Sowohl die Ratslinke wie die Ratsrechte wittern eine Missachtung des Volkswillens – aus diametral entgegengesetzten Gründen... (Bild © Parlamentsdienste)

Sowohl die Ratslinke wie die Ratsrechte wittern eine Missachtung des Volkswillens – aus diametral entgegengesetzten Gründen... (Bild © Parlamentsdienste)

Wie auf allen Kanälen vermeldet, hat der Nationalrat am Donnerstag mit wuchtigem Nein den Gesetzesentwurf des Bundesrats zu einem Tabakwerbeverbot für Jugendliche zurückgewiesen.

Was ist da los in Bundesbern? Man könnte meinen, es gehe um den Untergang des Schweizerlandes. Kaum eine Vorlage vermag, die Eidgenössischen Räte derart zu spalten wie die Forderung nach einem Werbeverbot für Tabakprodukte. 

Dabei ist der Volksentscheid vom Februar 2022 eigentlich klar: 57 Prozent des Stimmvolks wollen, dass Kinder und Jugendliche in Zukunft keine Tabakwerbung mehr zu Gesicht bekommen.
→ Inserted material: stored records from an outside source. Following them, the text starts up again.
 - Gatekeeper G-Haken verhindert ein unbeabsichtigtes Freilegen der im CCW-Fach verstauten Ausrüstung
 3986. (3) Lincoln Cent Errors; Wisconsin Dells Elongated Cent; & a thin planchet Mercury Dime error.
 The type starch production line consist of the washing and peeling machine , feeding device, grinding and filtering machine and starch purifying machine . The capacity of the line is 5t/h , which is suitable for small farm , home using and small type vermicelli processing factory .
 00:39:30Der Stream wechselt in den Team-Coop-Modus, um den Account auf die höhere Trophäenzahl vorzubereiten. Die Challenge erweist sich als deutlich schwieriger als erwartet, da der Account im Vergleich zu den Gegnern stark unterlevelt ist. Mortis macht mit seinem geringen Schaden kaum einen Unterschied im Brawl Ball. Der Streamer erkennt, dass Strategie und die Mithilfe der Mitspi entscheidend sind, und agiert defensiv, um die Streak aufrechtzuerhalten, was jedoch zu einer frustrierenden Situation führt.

So steht es seit der Annahme der Volksinitiative in der Verfassung.

In der Umsetzung kommt es nun abermals zu hitzigen Wortgefechten. Schon im letzten Herbst hatte der Ständerat die Gesetzesvorlage des Bundesrats, der ein umfassendes Werbeverbot will, an wichtigen Stellen abgeschwächt. Am Donnerstag wurde die kleine Kammer vom Nationalrat sogar noch überboten. 

Der Widerstand kam von rechts und von links gleichermassen. Sowohl die SVP wie auch die SP und die Grünen sahen im vorgeschlagenen Gesetz eine Missachtung des Volkswillens, aus grad entgegengesetzten Gründen.
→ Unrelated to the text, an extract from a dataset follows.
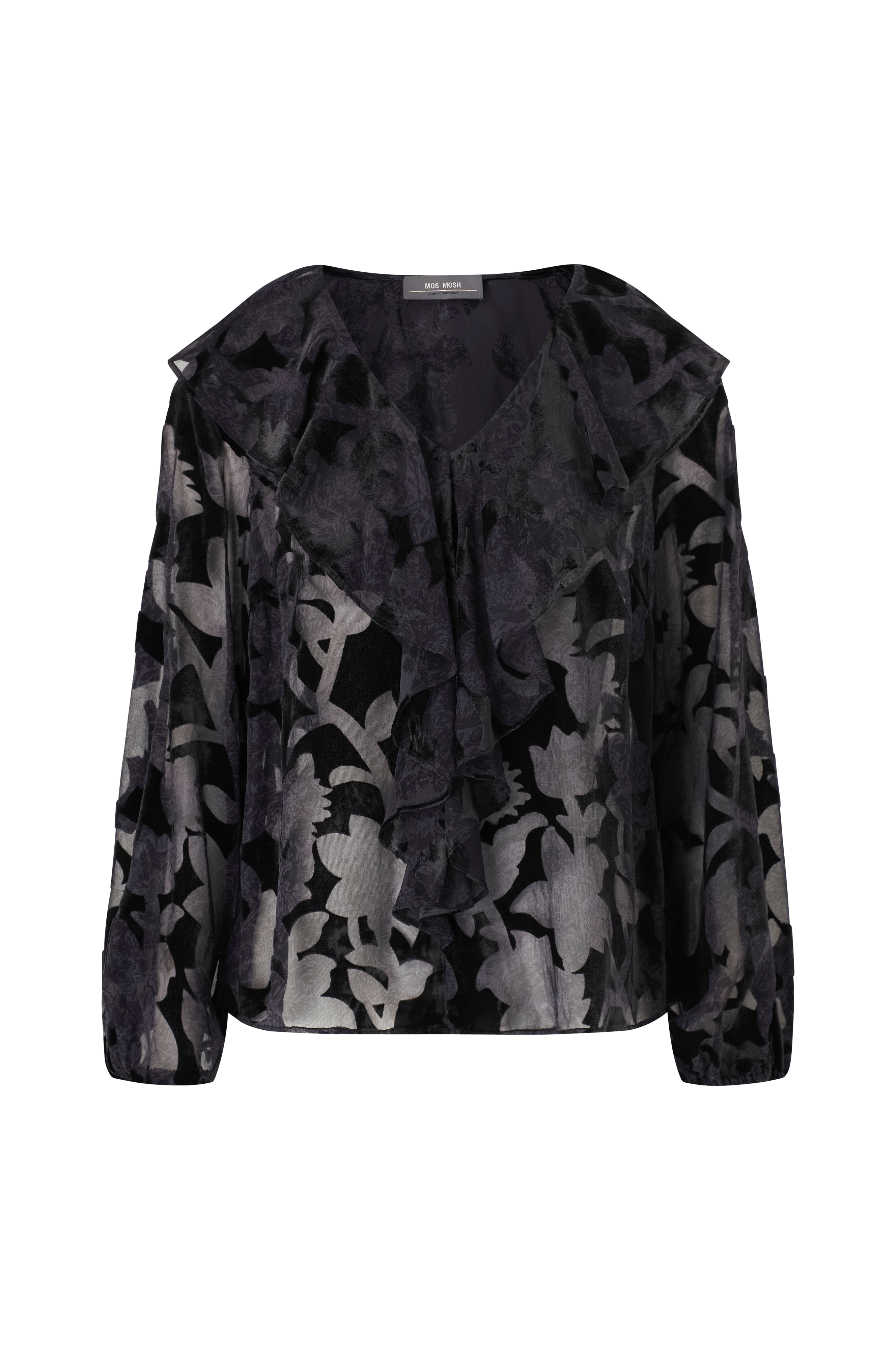 • Uformel model i chiffon med burnout-mønster• V-udskæring med bred volant hele vejen rundt• Langt, bredt ærme med elastik ved manchetterne

Um aus der epischen Debatte zwei Stimmen herauszugreifen: Für SVP-Nationalrat Andreas Glarner ging der Gesetzesentwurf viel zu weit. «Die Initianten haben im Abstimmungsbüchlein auf Seite 6 explizit gesagt, dass bei Annahme der Initiative Werbung, die sich nur an Erwachsene richtet und an Orten befindet, zu denen Minderjährige keinen Zugang haben, weiterhin erlaubt bleiben solle», holte der Aargauer SVP-Politiker aus.

«Was uns nun seitens des Bundesamts für Gesundheit (BAG) aufgetischt wird, ist aber ein komplettes Werbeverbot. Das läuft auf Gläubigkeit von BAG und Bundesrat gegenüber der WHO hinaus.»

Grad andersrum argumentierte SP-Nationalrätin Barbara Gysi. Für sie ging der Gesetzesentwurf viel zu wenig weit. Insbesondere die Print-Werbung war ihr ein Dorn im Auge.

Sie schäme sich, so Gysi am Rednerpult, dass die vorberatende Kommission das Wort Gesundheit im Namen trage: «Man missachtet den Volkswillen, und man schädigt mutmasslich eben auch die Gesundheit der Menschen, der Jugendlichen, wenn man ihnen diese Werbung weiterhin zumutet.»

Der Bundesrat habe schon in der Abstimmung gesagt, wie er das Verbot umsetzen würde. Darauf konnte das Volk abstellen. «Aber nun geht die Nationalratskommission noch über den Ständerat hinaus und will zum Beispiel mobiles Verkaufspersonal oder Werbung in Printmedien weiterhin zulassen.»

Was die Kommission vorlege, würde erlauben, dass zum Beispiel in der «Schweizer Illustrierten» Werbung möglich wäre. «Ich habe als Kind diese Zeitschrift gelesen, sie lag bei uns auf dem Salontisch. Meine Mutter hatte die Zeitschrift, sie war die offizielle Leserin, aber wir Kinder haben alle mit ganz viel Interesse reingeguckt», erinnerte sich die St. Galler Politikerin im Nationalratssaal.

Nun geht die Vorlage zurück an den Ständerat.